Голос в трубке звучал так бодро, будто Элли в шесть утра исхитрилась совершить пробежку, вернуться, умыться-помыться, а после сжевать исключительно здоровый завтрак и запить его свежевыжатым апельсиновым соком.
— А это я, — уныло буркнула в ответ Лайза. — Привет.
— Чего делаешь? Надеюсь, ты еще не купила билет в какие-нибудь далекие дали?
Лайза тут же бросила стыдливый взгляд на монитор и крутанулась в кресле к окну, словно опасаясь, что подруга на расстоянии разглядит логотип «АвиаНорд»:
— Э-э-э, нет еще.
Не успела.
— А какие планы?
— Планы? Ты издеваешься? Сижу на работе и мечтаю под каким-нибудь предлогом смыться отсюда. А еще мечтаю выкроить время и скататься на трассу, чтобы подрифтовать на Мираже, вечером запаковать вещи, а утром улететь куда-нибудь подальше. Вот такие несбыточные у меня планы.
— Отложи их, — нагло посоветовала трубка.
— Это почему еще?
— Потому что у тебя уже другие.
— Да? И какие?
Вместо прямого ответа хитрюга Элли начала издалека:
— Знаешь, во сколько сегодня вернулся Рен?
— Нет.
— В четыре утра! И знаешь, что он мне сказал?
— Да как я могу знать, — возмутилась Лайза, — я что, под кроватью у вас ночую?
— Не язви. Он был очень ОЧЕНЬ доволен и сказал, что благодаря некому ценному источнику информации — узнаешь, о ком речь? — они накрыли целую банду, за которой гонялись не один месяц! Всю, включая главаря! Дрейк счастлив, ребята тоже. И знаешь, что произойдет этим вечером? Да не язви ты по поводу того, что не обедаешь у меня под кухонным столом — сегодня вечером отряд собирается праздновать победу. Неофициально, конечно. То есть причина встречи — удачная операция, но она озвучиваться не будет, однако все соберутся в полном составе, чтобы посидеть, выпить и закусить. Соберутся ВСЕ, понимаешь?

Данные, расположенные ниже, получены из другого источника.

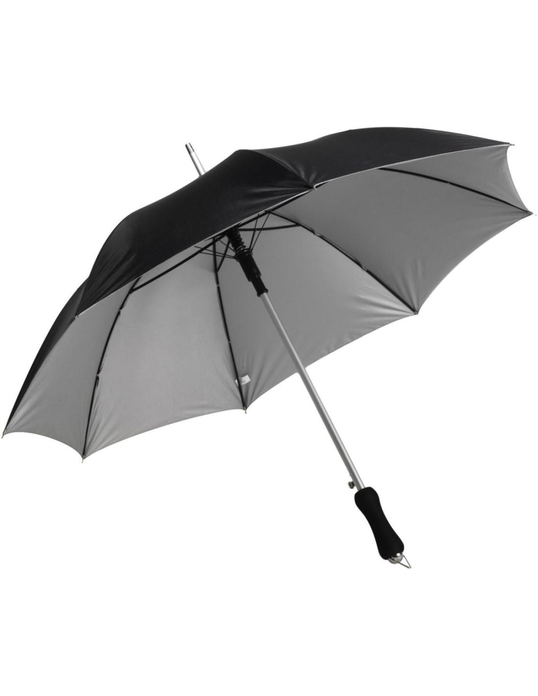 Paraguas automático de 8 paneles de poliéster (210 T), puño recto de EVA, caña y varillas de metal, cierre botón. Exterior del paraguas coloreado, interior en acabado metalizado.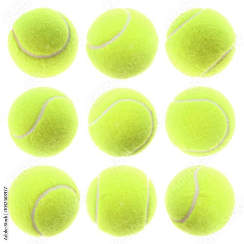 Bright tennis ball isolated on white, collage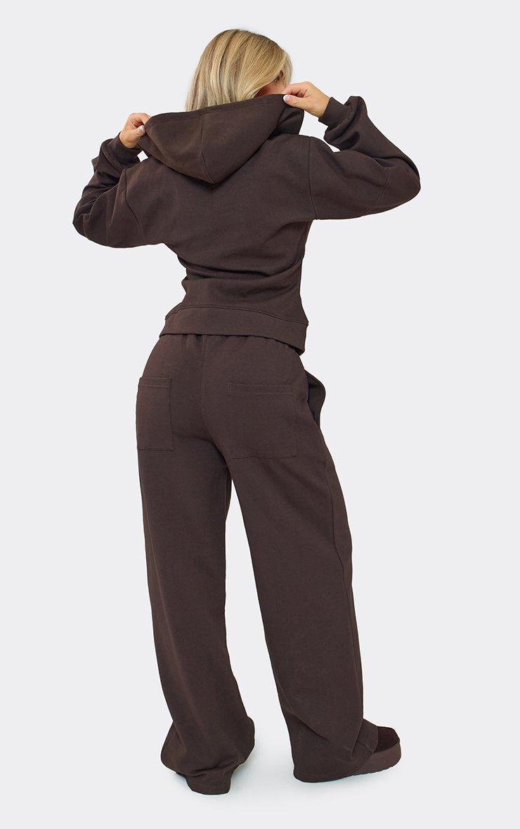 mid rise seam detail straight leg joggers in chocolate brown interlock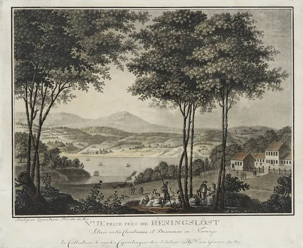 Beskrivelse: I forgrunnen sitter et selskap kledd i tidens drak -ter og med store nistekurver. Th ligger Henningslyst. Nedenfor ses Frognerkilen. I bakgrunnen th ligger Frogner Hovedgård.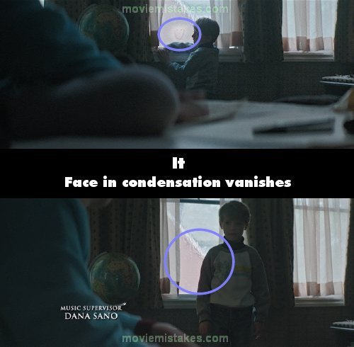 Continuity mistake: Early in the film, Georgie draws a smiling face into the misted window in Bill's bedroom. When Georgie turns around to approach his brother Bill, the condensation and smiling face are gone. As the scene concludes, we see a close-up of the smiling face again, fading off the bedroom window. (00:01:00 - 00:03:00)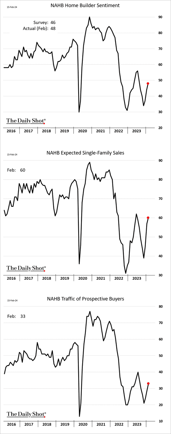 Homebuilder sentiment improved further this month.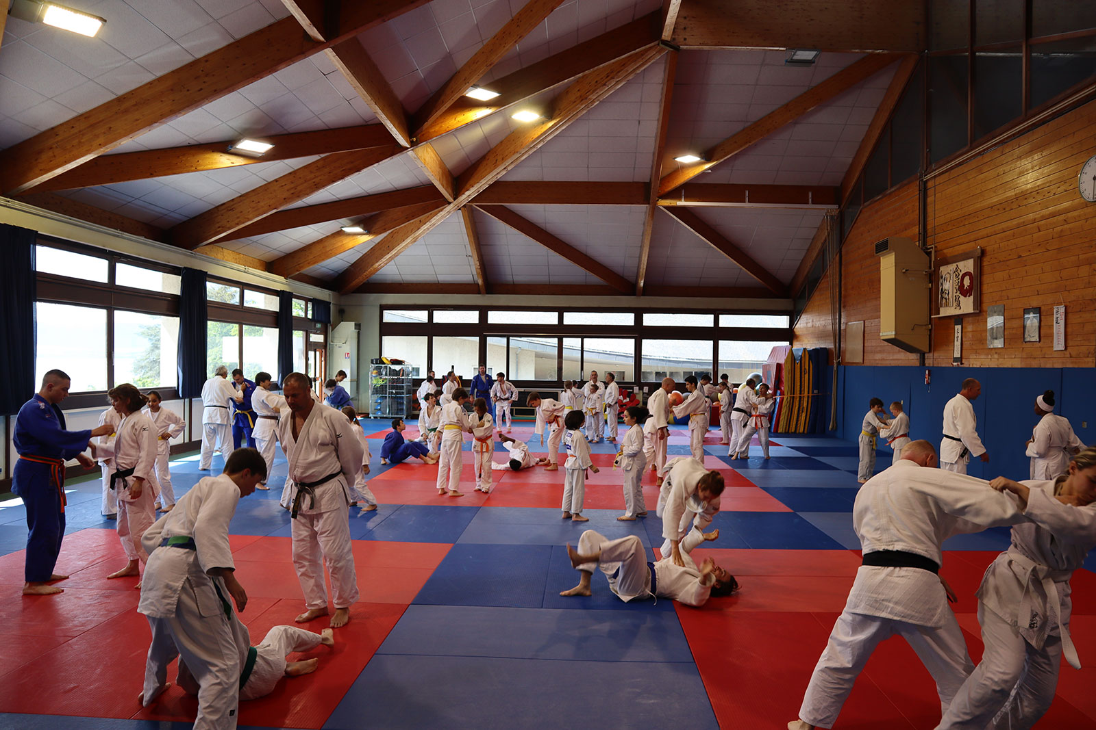 Der Samstag begann mit einer aufregenden Bergtour, vorbei an kleinen Wasserfällen und Bergziegen. Sie wurde durch eine spontane Schneeballschlacht aufgelockert. Am Nachmittag fand das erste Judotraining in Thonon-les-Bains statt. Die Trainer und Betreuer achteten darauf, dass gemischte Trainingspaare gebildet wurden. Trotz Sprachbarrieren konnten die jungen Sportler super miteinander kommunizieren und trainieren. Nach dem Training wurde Christophe Chéreau von seinem Jugendtrainer der 5. Dan Judo überreicht, für den er kurz zuvor die letzten Prüfungsteile erfolgreich absolviert hatte. Das wurde dann auch im Restaurant nebenan gefeiert.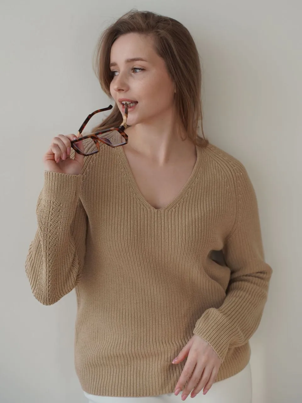Джемпер с V-образным вырезом из итальянского хлопка

Лайза нервно сглотнула. В дальнем конце коридора раздался недовольный голос шефа, но она даже не стала оборачиваться и притворяться занятой — пусть катится в задницу.
— Собираются все? И… он?
— ДА! — противная трубка исходила судорогами радости. — И ОН тоже.
— Где?
— У нас в доме.
Твою… копалку.
— А я? — пропищала Лайза несчастным голосом. — А как же я?
— А ты приглашена тоже!
— Но… — ей пришлось медленно вдохнуть и выдохнуть — от волнения шелковая блузка показалась душной и почему-то липкой. — Я не могу просто так прийти, даже если ты меня приглашаешь. Ты ведь знаешь — отряд не любит посторонних, а я… всего лишь твоя подруга.
Лайза нервно сглотнула.
— Да, ты моя подруга и…
— Только не заставляй меня снова гадать, что должно последовать за твоим противным длинным «и-и-и».

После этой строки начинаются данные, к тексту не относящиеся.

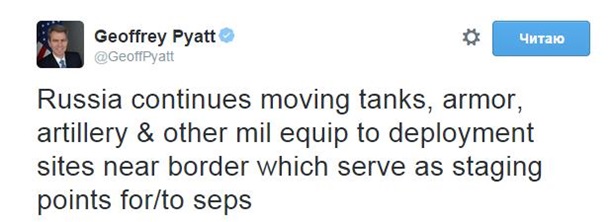 “Россия продолжает стягивать к границе танки, бронетехнику, артиллерию и другое военное оборудование“, - написал Пайетт в Twitter.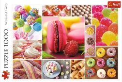 Puzzle z 1000 elementów przedstawiające kolaż obrazków ze słodkimi, kolorowymi cukierkami. Puzzle mogą stanowić dekorację ścienną w kuchni i jadalni, a także w pokoju dziecięcym. Po ułożeniu powstanie obraz o wymiarach 68x48 cm. Wysoką jakość, intensywność kolorów i bezpieczeństwo puzzli zapewnia kalandrowany papier refleksyjny, pokryty ekologicznymi farbami spożywczymi.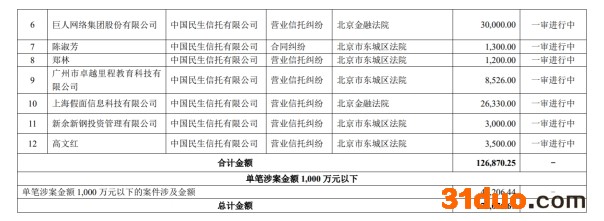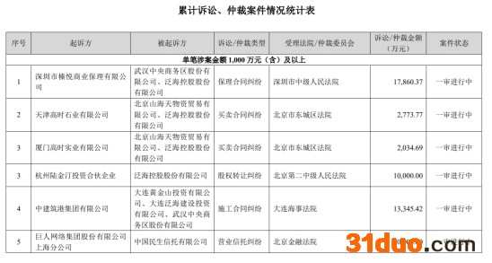 4月6日,泛海控股公布累计诉讼、仲裁情况。截至本公告披露日,除已披露过的诉讼、仲裁案件外,公司及公司控股子公司连续12个月内累计诉讼、仲裁涉案金额合计17.31亿万元,占公司最近一期经审计净资产166.06亿元的10.42%。其中涉案金额最高案件为巨人网络集团股份有限公司起诉,被起诉方为中国民生信托有限公司,诉讼/仲裁类型为营业信托纠纷,涉及金额为3亿元。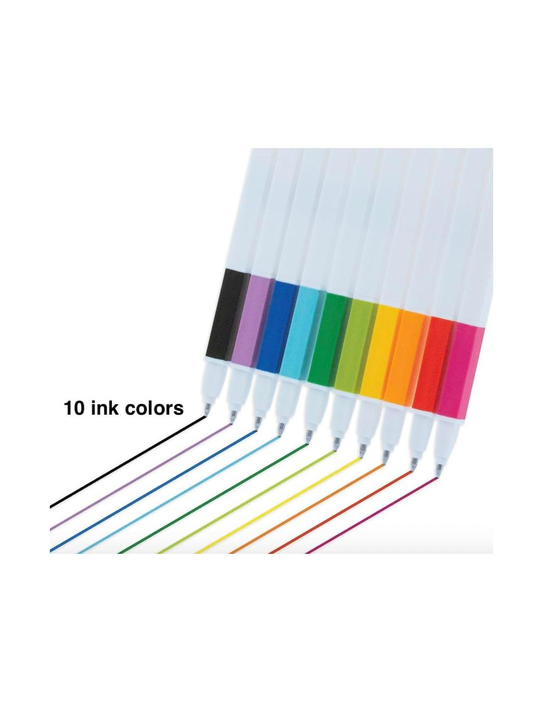 - El set incluye 10 recargas de bolígrafo de gel. 1 en cada color Rojo, Amarillo, Verde, Azul, Negro, Rosa, Naranja, Azur, Lima y Violeta.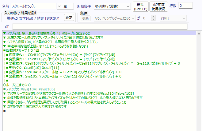 マップの設定にて、マップ自体を縦or横or両方ループする設定にできるのですが、その際のスクロールx,yの値の最大値をデバッグ文章\sys[104] \sys[105]で調べてみたところ、 おそらくマップサイズx,y×タイルサイズがそれぞれのスクロール値の最大値だと推測できます しかし、いざマップサイズx,y×タイルサイズの値をシステム変数104,105に代入してスクロール操作をしようとすると、なぜか中途半端な値が代入されてしまうのです(例 スクロール最大値がx=960, y=640だった場合、システム変数104,105に代入するコマンドを打つとスクロール値x=640, y=401という中途半端な値になってしまう)

Фраза получилась агрессивной, почти что злой, но Элли и не подумала обижаться.
— …и подруга Рена!
— С каких это пор?
— Без понятия! Но это была его идея созвать всех именно в нашем доме и ЕГО идея — пригласить тебя на праздник, понимаешь? Он сам — хитрый кот — тактично сообщил мне об этом за завтраком.

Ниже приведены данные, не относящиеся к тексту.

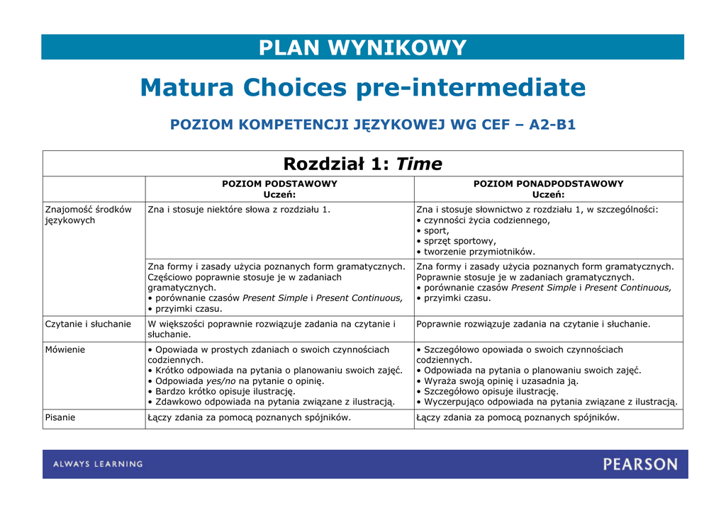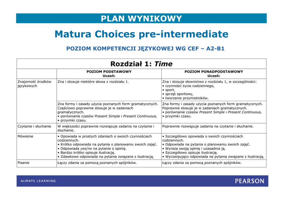 PLAN WYNIKOWY Matura Choices pre-intermediate POZIOM KOMPETENCJI JĘZYKOWEJ WG CEF – A2-B1 Rozdział 1: Time POZIOM PODSTAWOWY Uczeń: Znajomość środków językowych POZIOM PONADPODSTAWOWY Uczeń: Zna i stosuje niektóre słowa z rozdziału 1. Zna i stosuje słownictwo z rozdziału 1, w szczególności: • czynności życia codziennego, • sport, • sprzęt sportowy, • tworzenie przymiotników. Zna formy i zasady użycia poznanych form gramatycznych. Częściowo poprawnie stosuje je w zadaniach gramatycznych. • porównanie czasów Present Simple i Present Continuous, • przyimki czasu. Zna formy i zasady użycia poznanych form gramatycznych. Poprawnie stosuje je w zadaniach gramatycznych. • porównanie czasów Present Simple i Present Continuous, • przyimki czasu. Czytanie i słuchanie W większości poprawnie rozwiązuje zadania na czytanie i słuchanie. Poprawnie rozwiązuje zadania na czytanie i słuchanie. Mówienie • Opowiada w prostych zdaniach o swoich czynnościach codziennych. • Krótko odpowiada na pytania o planowaniu swoich zajęć. • Odpowiada yes/no na pytanie o opinię. • Bardzo krótko opisuje ilustrację. • Zdawkowo odpowiada na pytania związane z ilustracją. • Szczegółowo opowiada o swoich czynnościach codziennych. • Odpowiada na pytania o planowaniu swoich zajęć. • Wyraża swoją opinię i uzasadnia ją. • Szczegółowo opisuje ilustrację. • Wyczerpująco odpowiada na pytania związane z ilustracją. Pisanie Łączy zdania za pomocą poznanych spójników. Łączy zdania za pomocą poznanych spójników. Rozdział 2: Fun POZIOM PODSTAWOWY Uczeń: Znajomość środków językowych POZIOM PONADPODSTAWOWY Uczeń: Zna i stosuje niektóre słowa z rozdziału 2. Zna i stosuje słownictwo z rozdziału 2, w szczególności: • hobby i czynności wykonywane w wolnym czasie, • upodobania, • czasowniki nieregularne, • słownictwo związane z grami komputerowymi, • liczebniki. Zna formy i zasady użycia poznanych form gramatycznych. Częściowo poprawnie stosuje je w zadaniach gramatycznych. • czas Present Perfect, • modulanty poprzedzające przymiotniki i przysłówki, • wyrażenia some, any, no, a lot of, a few, a little. Zna formy i zasady użycia poznanych form gramatycznych. Poprawnie stosuje je w zadaniach gramatycznych. • czas Present Perfect, • modulanty poprzedzające przymiotniki i przysłówki, • wyrażenia some, any, no, a lot of, a few, a little. Czytanie i słuchanie W większości poprawnie rozwiązuje zadania na czytanie i słuchanie. Poprawnie rozwiązuje zadania na czytanie i słuchanie. Mówienie • Krótko opowiada o czynnościach wykonywanych w wolnym czasie. • Wyraża krótką opinię o Charliem Chaplinie. • Wykorzystując podpowiedzi z podręcznika wyraża swoje uczucia i podaje powód. • Zdawkowo odpowiada na pytania o grach komputerowych. • Bardzo krótko opisuje ilustrację. • Zdawkowo odpowiada na pytania związane z ilustracją. • Krótko uzasadnia czy wybrałby się na przyjęcie z zaproszenia. • Szczegółowo opowiada o czynnościach wykonywanych w wolnym czasie. • Wyraża i uzasadnia opinię o Charliem Chaplinie. • Wykorzystując podpowiedzi z podręcznika i własne wyraża swoje uczucia i podaje powód. • Wyczerpująco odpowiada na pytania o grach komputerowych wraz z uzasadnieniem. • Szczegółowo opisuje ilustrację. • Wyczerpująco odpowiada na pytania związane z ilustracją. • Uzasadnia czy wybrałby się na przyjęcie z zaproszenia. Pisanie Krótko pisze dlaczego lubi daną grę. Wzorując się na tekście w podręczniku pisze zaproszenie na szkolną imprezę i konkurs młodych talentów. Szczegółowo pisze uzasadnienie gry, którą lubi. Pisze zaproszenie na szkolną imprezę i konkurs młodych talentów. Rozdział 3: Money POZIOM PODSTAWOWY Uczeń: Znajomość środków językowych POZIOM PONADPODSTAWOWY Uczeń: Zna i stosuje niektóre słowa z rozdziału 3. Zna i stosuje słownictwo z rozdziału 3, w szczególności: • często kupowane rzeczy, • rodzaje sklepów, • słownictwo związane z zakupami, • produkty rynkowe. Zna formy i zasady użycia poznanych form gramatycznych. Częściowo poprawnie stosuje je w zadaniach gramatycznych. • określenia ilości, • czas Present Perfect, • wyrażenia ever, never, already, yet. Zna formy i zasady użycia poznanych form gramatycznych. Poprawnie stosuje je w zadaniach gramatycznych. • określenia ilości, • czas Present Perfect, • wyrażenia ever, never, already, yet. Czytanie i słuchanie W większości poprawnie rozwiązuje zadania na czytanie i słuchanie. Poprawnie rozwiązuje zadania na czytanie i słuchanie. Mówienie • Krótko opowiada o sposobie wydawania pieniędzy. • Szczegółowo opowiada o sposobie wydawania pieniędzy. • Przedstawia rady z podręcznika dotyczące oszczędzania. • Przestawia rady z podręcznika i własne o oszczędzaniu. • Wyraża swoje preferencje dotyczące wizyty w sklepie. • Wyraża i uzasadnia swoje preferencje dotyczące wizyty w • Układa dialog na podstawie podręcznika. sklepie. • Wzorując się na tekstach w podręczniku, odgrywa dialog w •Układa dialog wykorzystując własne pomysły. sklepie. • Samodzielnie odgrywa dialog w sklepie. • Udziela krótkich odpowiedzi o znanych bazarach. • Opisuje znane bazary w Polsce. • Zdawkowo odpowiada na pytania związane z ilustracją. • Wyczerpująco odpowiada na pytania związane z ilustracją. • Prostymi zdaniami prowadzi rozmowę w sklepie • Odgrywa rolę sprzedawcy i klienta prowadząc swobodny odzieżowym. dialog. Pisanie Pisze krótką opinię o jakości reklamowanych towarów. Korzystając z podpowiedzi w podręczniku pisze pytania do quizu. Piszę reklamę towaru na sprzedaż z krótkim opisem. Wzorując się na podręczniku pisze ogłoszenie o chęci sprzedaży przedmiotu. Pisze szczegółową opinię o jakości reklamowanych towarów. Samodzielnie pisze pytania do quizu.

Ах вот, значит, почему собеседница казалась такой сияющей, как начищенный чайник — знала, что ошарашит подругу хорошими новостями.
— Ну, так как, ты придешь?
— Спрашиваешь!!! Во сколько?!
— В восемь вечера у нас. И… оденься во что-нибудь приличное. Ну, привлекательное!
На том конце раздался искрящийся смех.
— Задушу тебя, вредина! Конечно же я оденусь прилично!
— Ну, тогда все! Увидимся в восемь. И, Лай, — пауза длилась не одну, а целых три секунды, — твой день «Х» настал.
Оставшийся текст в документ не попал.